■ Kommentar: Selbstüberforderung
Alle Jahre wieder ist er plötzlich da: der studentische Protest. Unbeachtet des Gejammers der Professoren über die „schlappe“, „inaktive“ und „desinteressierte“ Studentenschaft geht da plötzlich wieder was. Den Asta-Funktionären paßt der Streik zwar nicht in den Terminplan, gilt es doch in dieser Woche auch die Stupa-Wahlen und die Abstimmung über das Semester-Ticket zu organisieren.
Aber die 2000 Kommilitonen, die sich am Donnerstag im Audimax versammelten, hätte man kaum mit weiteren Resolutionen vertrösten können. Die Aussicht, das Studium in kurzen Regelstudienzeiten von acht, neun Semestern absolvieren zu müssen und bei Nichteinhaltung dieser Frist mit Gebühren und anschließender Zwangsexmatrikulation bestraft zu werden, versetzt die Nachwuchswissenschaftler in Rage.
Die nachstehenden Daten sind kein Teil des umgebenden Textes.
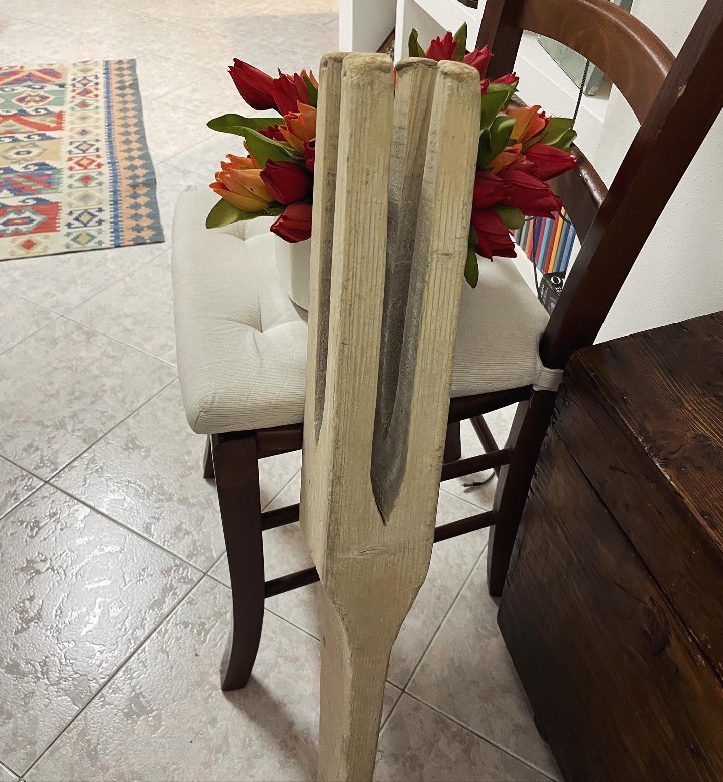 Some objects are so large and so exclusive that they need a known reference: this is why we have displayed them near a chair! So you can realize their size... but above all answer the question: what is it?!? An ancient STIRRER for clothes. Patented in the Victorian era, this model with four wooden arms allowed washerwomen to stir the laundry in boiling water with soda. Bear in mind that it is 81 cm long!! This example was recovered in 1931 (date marked on the wood).

Muß student doch heute schon Lebenskünstler sein, um ohne Bafög neben dem Job auch noch zu studieren.
Doch nun füllen sich die Resolutionen mit allerhand Forderungen: „Wir können nicht nur sagen wogegen, wir müssen auch sagen, wofür wir sind“, ist das Credo des „zeitgemäßen“ studentischen Protests. Die neuen Inhalte sollen noch während der Streikwoche quasi nebenbei entwickelt werden.
Daß dies eine Selbstüberforderung ist, ahnte wohl eine Studentin, die am Donnerstag auf der VV sagte: „Wir streiken solange, bis wir wissen, was wir wollen“.
In Berlin wurden Studiengebühren und „Zwangsex“ (liebevolles Kürzel) nur mit Streiks verhindert. Für Hamburgs Studenten rückt diese Horrorvision durch die Unterschrift Voscheraus unter die „Mainzer Erklärung“ bedrohlich näher. Diese Unterschrift muß weg, danach kann man besser klar denken und meinetwegen auch positive Ziele formulieren.